Downtown Aspen to see a second one-way street

As the former Crystal Palace dinner theater goes under construction to make way for a new boutique hotel, the city will convert Hyman Avenue and Mill Street into a one-way street.

The one-way thoroughfare will begin at Hyman and end at Mill and Hopkins Avenue, where there will be a four-way stop, City Engineer Trish Aragon said.

“We feel this is the safest solution for all modes of transportation,” she said Monday, adding that construction is expected to last at least 18 months.

The change is necessary so braces can hold up the historic walls of the building, located at the corner of Monarch Street and Hyman Avenue.

The construction project will occupy 13 parking spaces around the site, as well as a traffic lane on Hyman, the corner of Monarch and Hyman and the loading zone and sidewalk on Monarch Street.

Because the northwest corner of Hyman and Monarch will be part of the construction site, the Hunter Creek bus cannot make the turning radius it needs and will be rerouted to Aspen Street and then onto Hyman.

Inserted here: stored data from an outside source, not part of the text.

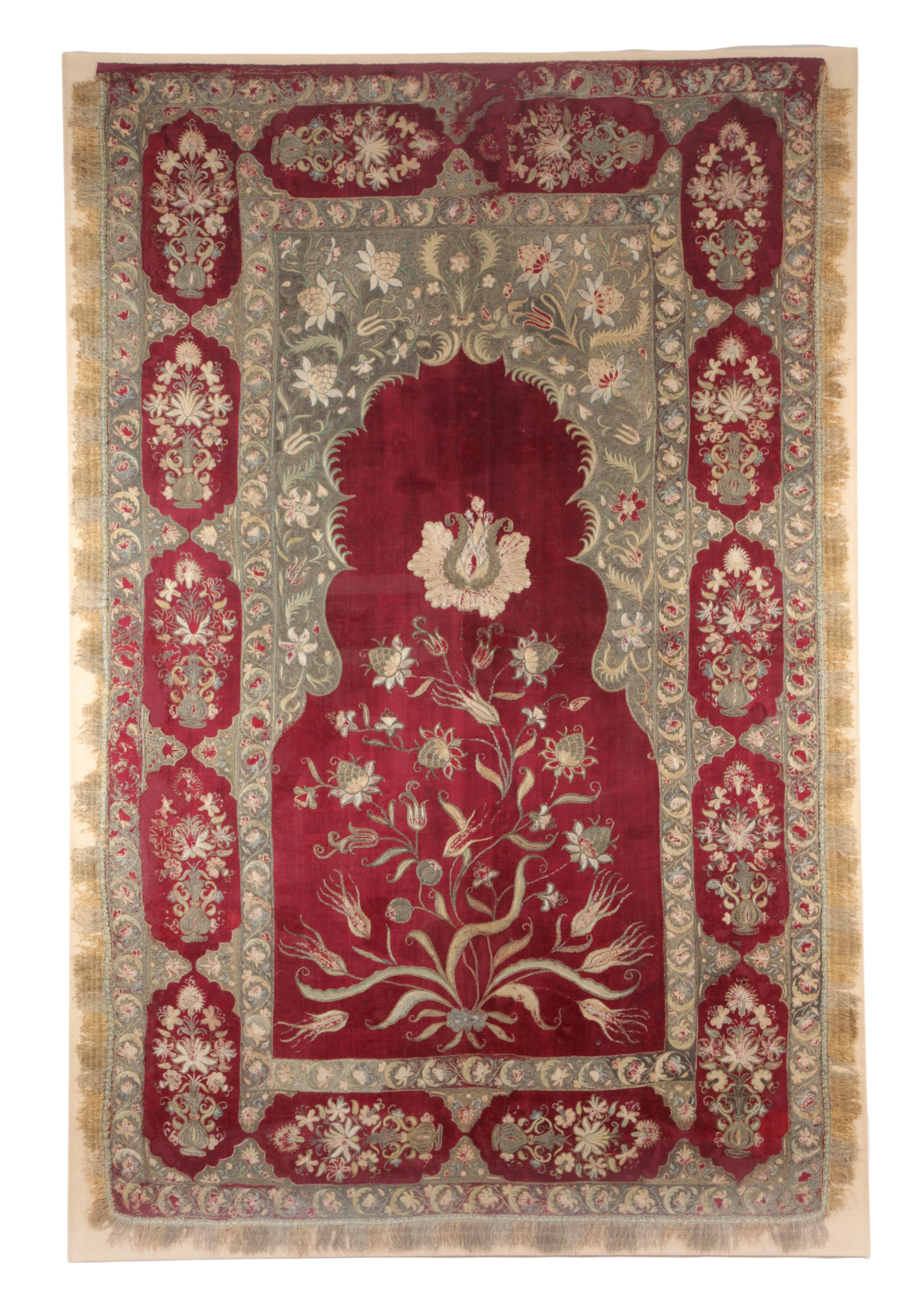 the Kashmir wool ground worked with gold and silver thread embroidery, the raspberry field with a flowering plant issuing tulips and further flowers, beneath a leafy cusped Mihrab, the upper spandrels with further floral decoration, enclosed by borders of urns and flowers, flanked by meandering vine guard stripes, later mounted on a linen board in an acrylic frame
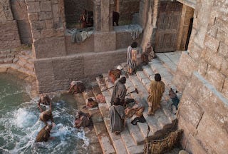 But Jesus showed him he had the power of the healing waters within him. Maybe the message is that we should not put all our faith in one approach, but believe in the outcome.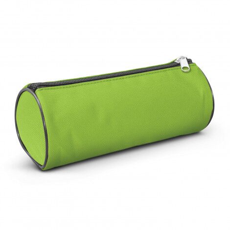 Large round pencil case which is manufactured from 600D polyester with a foam padded inner lining and a zippered closure.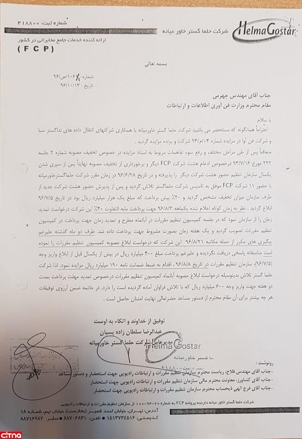 با ضبط ضمانتنامه ۱۹ میلیارد تومانی شرکت حلما گستر تلاش (کنسرسیوم متشکل از ۱۱ شرکت FCP) توسط سازمان تنظیم مقررات و ارتباطات رادیویی، مدیران این شرکتها با ارسال نامهای خطاب به وزیر فناوری اطلاعات و ارتباطات خواستار مداخله وی برای حل این مشکل شدند.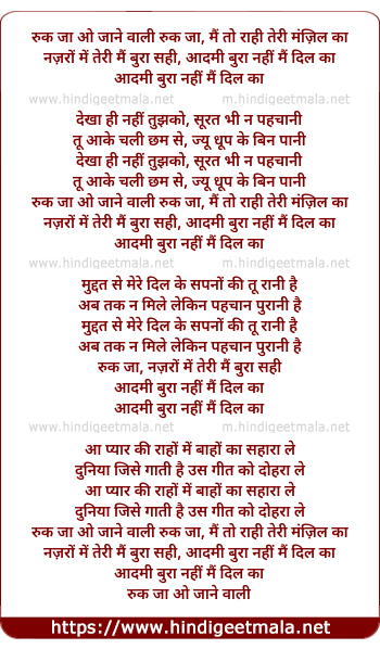 Lyrics of Ruk Jaa O Jaanevaali Ruk Jaa, Main To Raahi Teri Manzil Kaa - रुक जा ओ जाने वाली रुक जा, मैं तो राही तेरी मंज़िल का
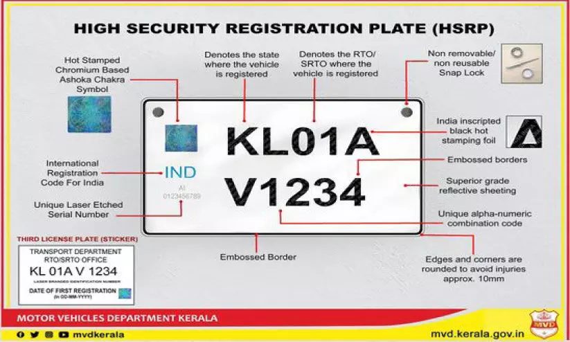 എച്ച്.എസ്.ആർ.പി നമ്പർ പ്ലേറ്റ്: 15 മുതൽ പിഴയീടാക്കും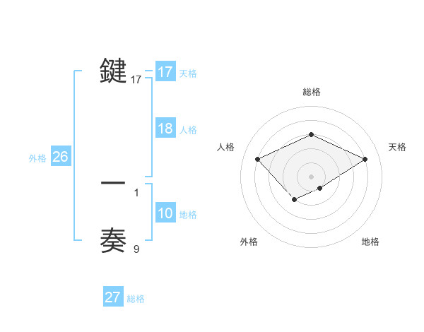 鍵 一奏さんを姓名の画数から五運を鑑定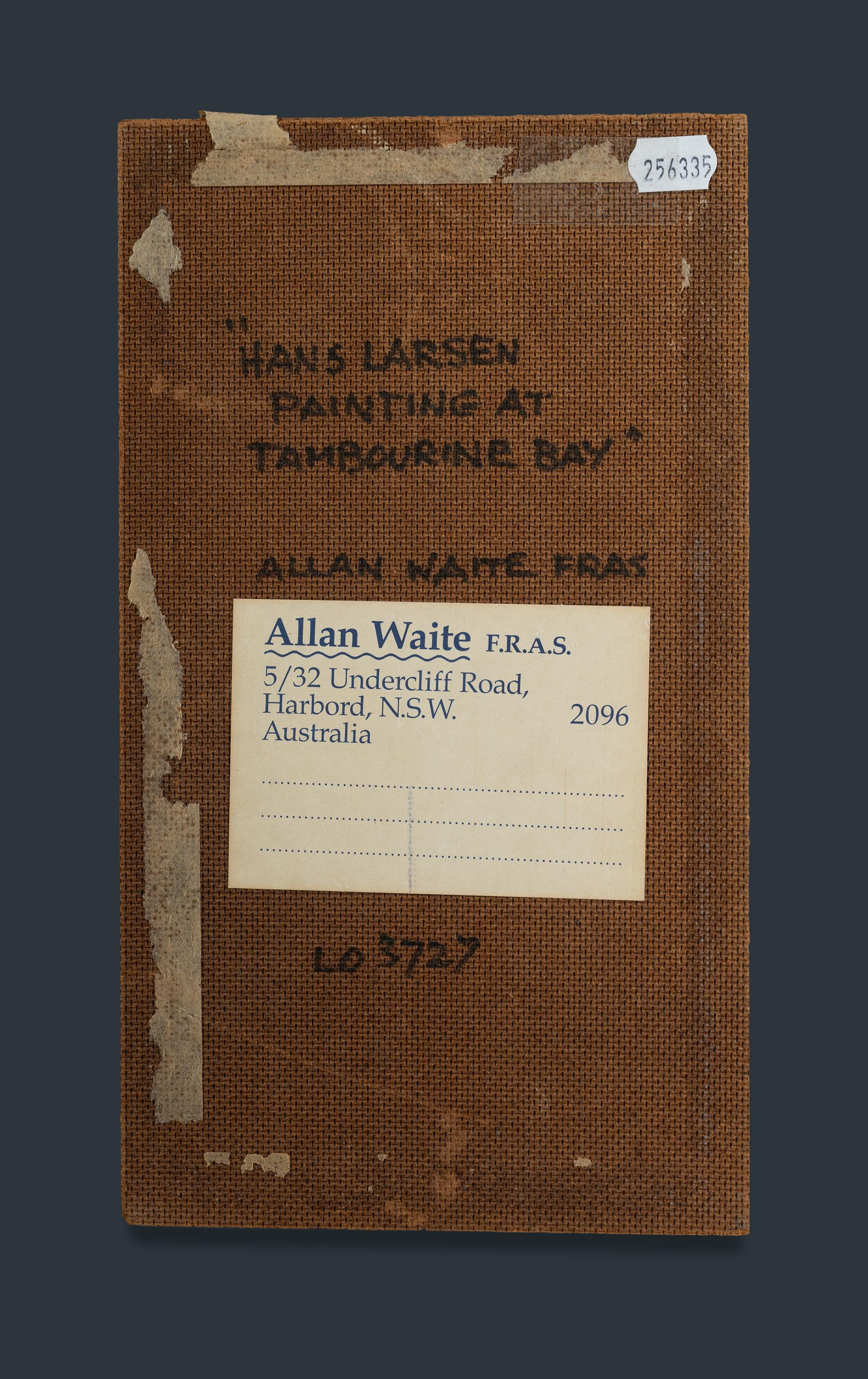 WAITE, Allan (1924-2010) 'Hans Larsen Painting at Tambourine Bay [NSW]' Signed lower left; artist label and inscribed verso. Oil on Canvas on Board 23x13cm PROVENANCE: Family of the Artist.Estimate $60-120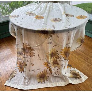 Vintage 1970s cream curtain, large brown, orange flowers, pleated, price for 1

The developer behind the project, Mark Hunt, is awaiting a building permit. Construction is expected to begin this spring.

The portions of the building that are the original historic material — the ground-floor level of the western brick wall and the Owl Cigar mural — will remain in place during the construction process.

The original portion of the 300 E. Hyman Ave. building will undergo a reconstruction using available historic photographs to guide the process, according to city staff.

A 26-foot-deep basement will be excavated on the site, and the development will include two full stories and a recessed third story across the 9,000-square-foot lot.

Hunt received approval from the city in 2018 for the project. Among Hunt’s plans for the space are 16 rooms on the upper floors and a 4,950-square-foot restaurant and kitchen on the ground-floor level. The lower level calls for a fitness center, restrooms, locker areas and a guest lounge, according to the land-use approval.

Fourteen of the guest rooms are planned to be on the building’s second floor, averaging nearly 500 square feet, and two suites would be located on a third floor that would include an outdoor pool, cabana and service bar.

The project encompasses two addresses: The two-level Crystal Palace building is located at 300 E. Hyman Ave., next to a one-story building at 312 E. Hyman Ave., which Hunt bought for $12.5 million in September 2013.

Aragon said the one-way street route will return to two-way traffic after the construction project is over, unless council and the public would like the change to be permanent.

The city made Galena Street and Cooper Avenue one way from Hopkins Avenue to Hunter in the mid 2000s first as an experiment, which then became a permanent change.